» **Activity**:
An exact reproduction of the lines below, from the first through the one with "やまがた版の消費材の3桁番号", is the whole answer; pictures have no place in it.

Records from a dataset
'''
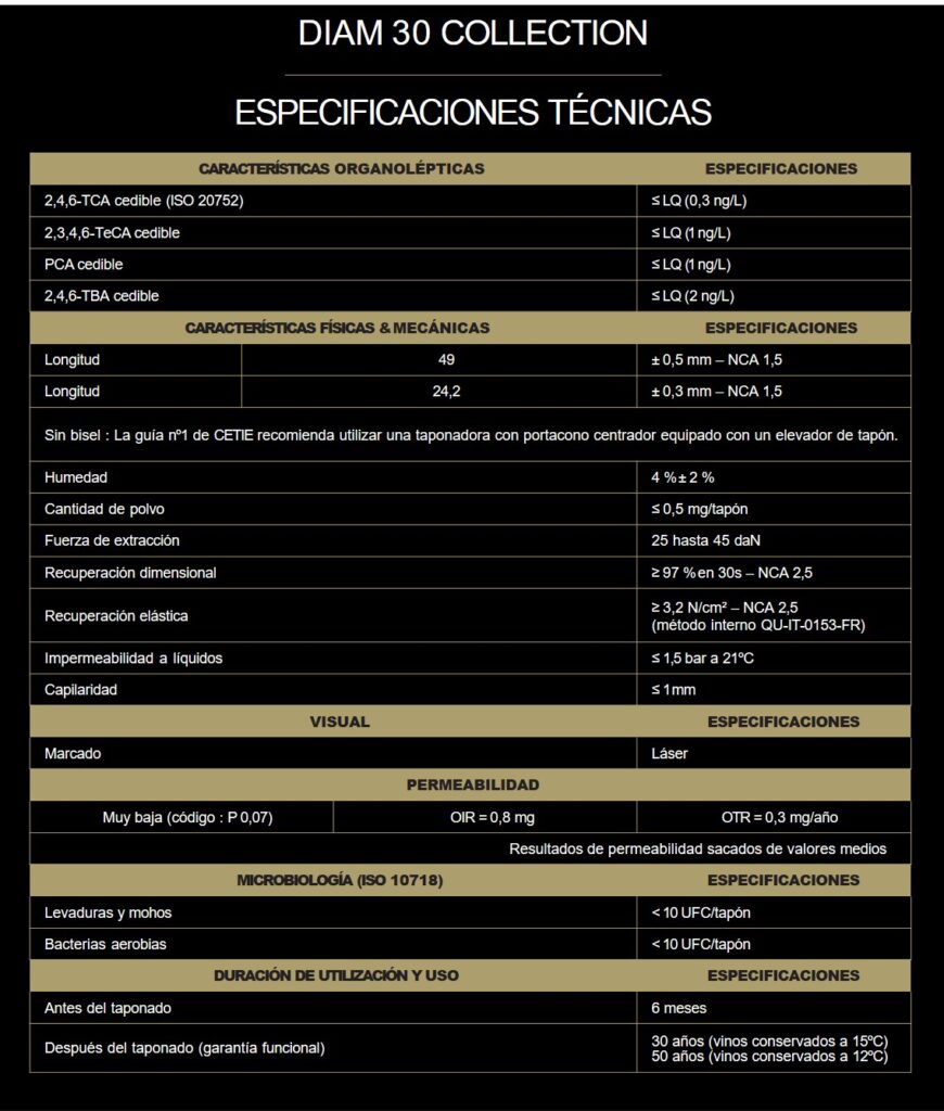 Inicialmente lanzado en formato equivalente a Diam 30 (49 mm), su desarrollo se inscribe en una estrategia más amplia de evolución del corcho técnico, con posibles extensiones a otras categorías, incluidos vinos espumosos.
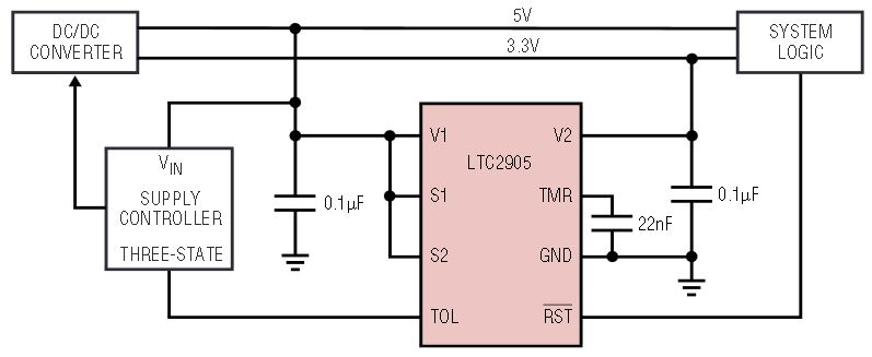 Second, the S1 and S2 pins can be driven by 3-state outputs for a more aggressive lowering of the trip threshold. For example, in Figure 10 the S1 and S2 pins are tied to V1 to configure the part to monitor 5V and 3.3V. If TRI-STATE buffers are added to drive the S1 and S2 pins, these pins can be set to GND during testing. Connecting S1 and S2 to GND configures the LTC2905 to monitor 2.5V and 1.8V, a significant change in trip threshold from the 5V and 3.3V thresholds respectively. During normal operation, the TRI-STATE buffers can set S1 and S2 back to V1 (High) so that the part is again configured to monitor 5V and 3.3V.
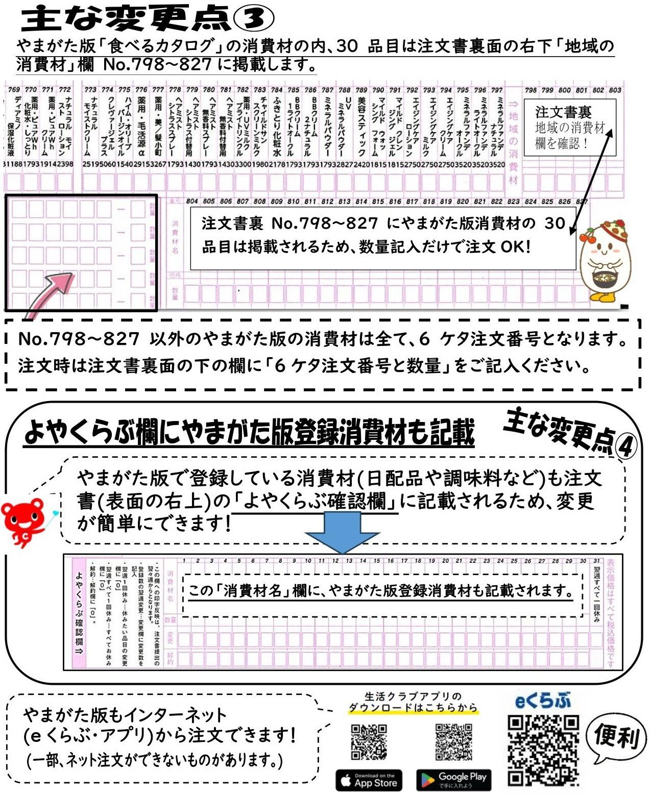 やまがた版の消費材の3桁番号は注文用紙の裏面右下に掲載され、6桁番号の消費材は裏面下部の欄で注文します。
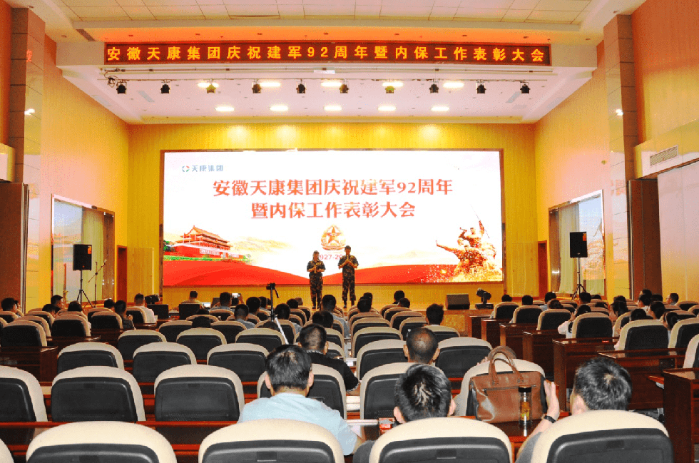 2019年8月1日下午4點(diǎn),安徽天康集團(tuán)在集團(tuán)一樓會(huì)議中心舉行慶祝建軍92周年文藝演出暨2018年度內(nèi)保工作表彰大會(huì),退役軍人、辦公人員共100多人參加會(huì)議。
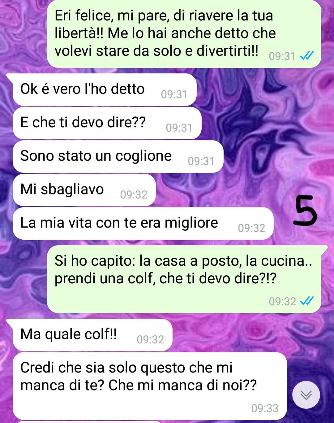 Non ci sono figli di mezzo, e il racconto della nostra follower parte da un quadro di apparente serenità: un matrimonio che, fino a un certo punto, sembrava funzionare. Tuttavia, a un certo momento, il suo ex marito ha iniziato a mostrare segni evidenti di insofferenza. Le sue parole parlavano di soffocamento, di una vita di coppia che non sentiva più sua, di un desiderio di “godersi gli ultimi scampoli di gioventù” — un’espressione che la nostra amica commenta con ironia, visto che lui ha quarant’anni.
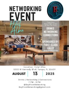 Get ready for a night of stylish networking in one of Tampa’s most stunning venues! Join us for “Networking at Hotel Alba” on Wednesday, August 13, from 7 PM to 9 PM at the chic Hotel Alba Tampa, Tapestry Collection by Hilton, located at 5303 West Kennedy Boulevard.
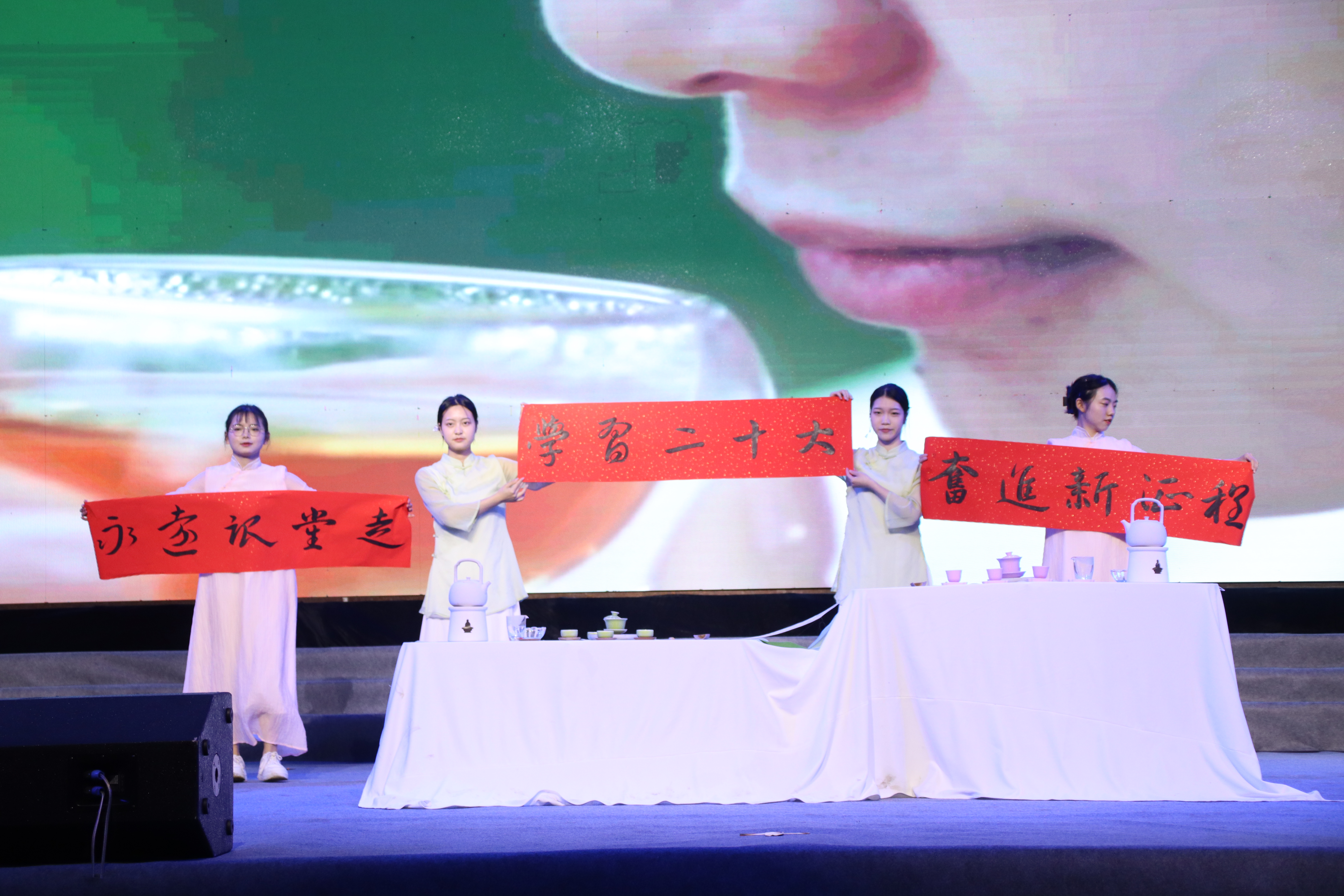 汇演紧紧围绕“学习二十大 青春心向党 建功新时代”这一主题开展,通过音乐剧、小品、合唱、民族舞蹈等等多种艺术形式,奏响了一曲又一曲青春之歌、青年之歌,展现我院大学生的青春风采和精神风貌,更诠释当代青年学子的文化自信、使命担当。节目中,有师生共同深情歌唱伟大祖国的《我和我的祖国》、有展现我院浓厚茶文化和书法文化底蕴的《一盏清茗》、有昂扬时代精神弘扬中华传统美德的《红色中国》等等精彩纷呈的节目。
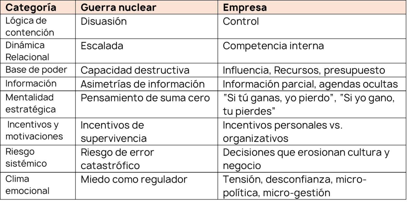 Como en la guerra nuclear, el peligro ya no es el enemigo: Es el error de la reacción emocional bajo estrés, de la falta de reconocimiento entre personas y equipos, de la ausencia de cuidado mutuo, del bloqueo de posibilidades dentro del sistema.
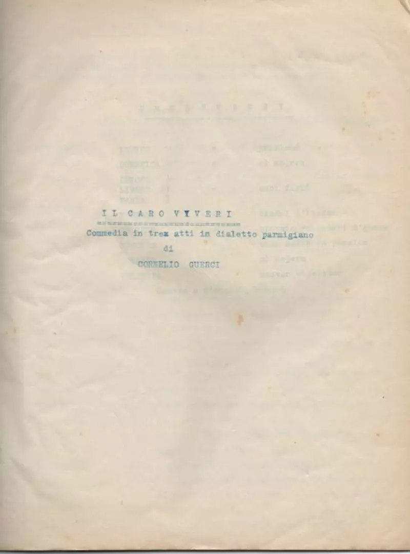 Guerci cornelio- Il caro viveri 2 - commedia in tre atti in dialetto parmigiano
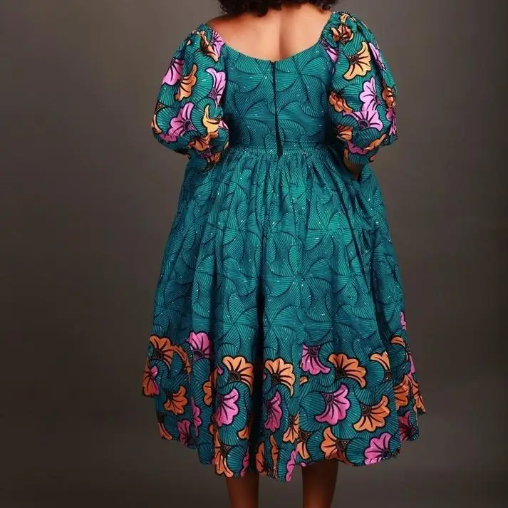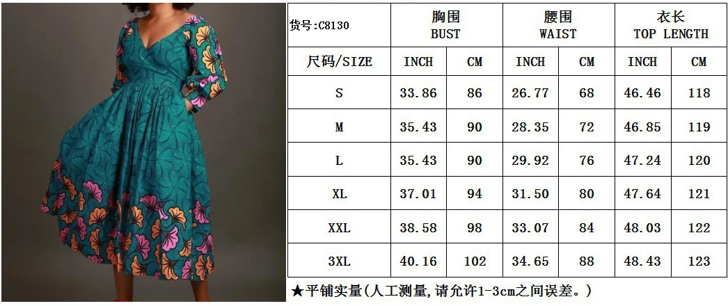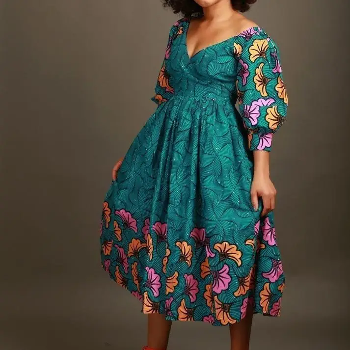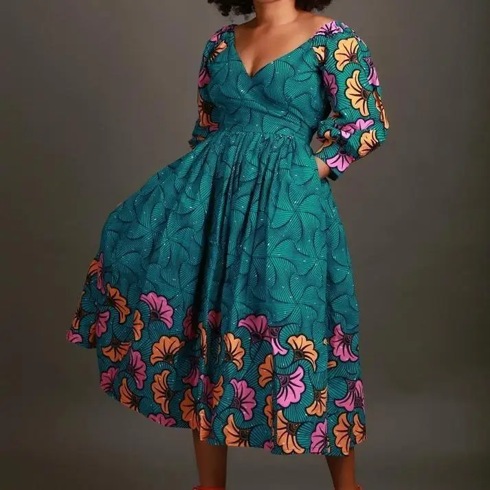 Fashion Print African High Waist V-neck Dress for Women Sexy Lady Dashiki Ankara Clothes Elegant Female Party Flower Dresses
'''
» **Exercise result**:
 Inicialmente lanzado en formato equivalente a Diam 30 (49 mm), su desarrollo se inscribe en una estrategia más amplia de evolución del corcho técnico, con posibles extensiones a otras categorías, incluidos vinos espumosos.
 Second, the S1 and S2 pins can be driven by 3-state outputs for a more aggressive lowering of the trip threshold. For example, in Figure 10 the S1 and S2 pins are tied to V1 to configure the part to monitor 5V and 3.3V. If TRI-STATE buffers are added to drive the S1 and S2 pins, these pins can be set to GND during testing. Connecting S1 and S2 to GND configures the LTC2905 to monitor 2.5V and 1.8V, a significant change in trip threshold from the 5V and 3.3V thresholds respectively. During normal operation, the TRI-STATE buffers can set S1 and S2 back to V1 (High) so that the part is again configured to monitor 5V and 3.3V.
 やまがた版の消費材の3桁番号は注文用紙の裏面右下に掲載され、6桁番号の消費材は裏面下部の欄で注文します。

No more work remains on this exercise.